Léon Engulu was president of the province and Raphael Bokanga was president of the assembly.
The new province hosted sessions of the Coquilhatville constitutional conference from 31 January to 10 February 1963.
On 5 February 1963 the northern part of Cuvette-Centrale was split off as Moyen-Congo Province.

Under an emergency ordinance Joseph Ekombe was designated Extraordinary Commissioner General for the province of Cuvette Centrale on 22 April 1963 but did not take up this position.
Victor Rutaha was designated on 27 April 1963 and took over in Coquilhatville on 8 May 1963.
An ordinance of 8 July 1963 cancelled the position.
This was quickly followed by a drastic reduction in funding from the central government in Léopoldville.
The regions of Boende, Bokungu and Ikela were full of rebels, and the central government provided some assistance in pacification.
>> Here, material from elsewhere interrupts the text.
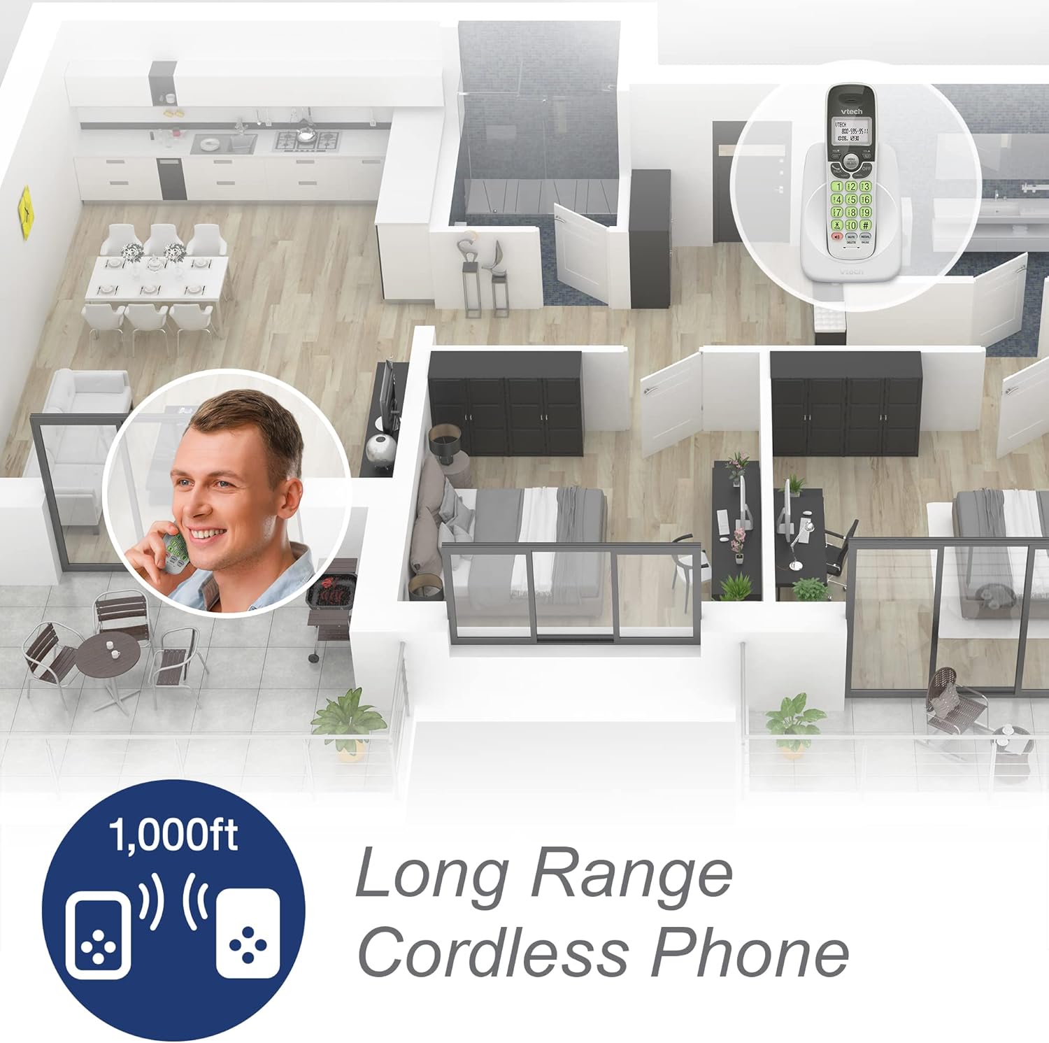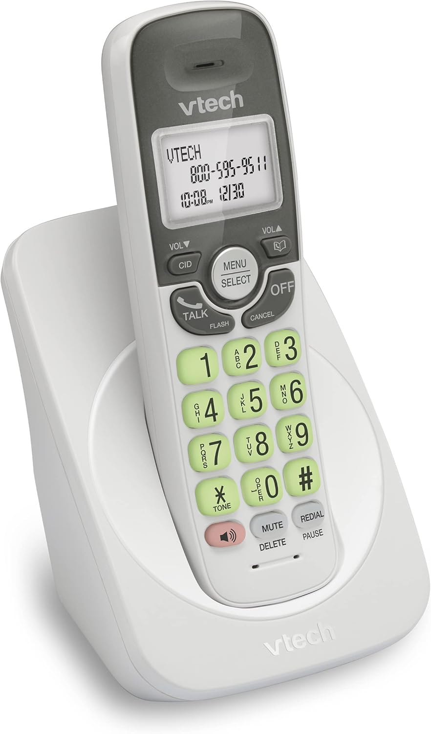The VTech VG101 DECT 6.0 Cordless Phone with a Full Duplex Speakerphone and Caller ID allows you to stay connected. A full-duplex handset speakerphone allows both ends to speak and be heard at the same time for conversations that are more true to life. DECT 6.0 transmission gives you private, interference-free sound from any room in your home. A backlit keypad and white lighted display allow for easy operation and dialing in low light. Know who’s calling with the Caller ID/Call Waiting feature.

There were plans to hold National and provincial elections between 18 March and 30 April 1965, but these were cancelled.

On 6 January 1966 all the provincial governors met in Kinshasa in an attempt to resolve the conflicts that were tearing apart the country.
On 6 April 1966 the number of provinces was reduced from 21 to 12, and towards the end of the year from 12 to 8.
On 25 April 1966 the provinces of Cuvette Centrale, Moyen-Congo and Ubangi were reunited as Équateur Province under the leadership of Léon Engulu, who held office until 3 January 1967.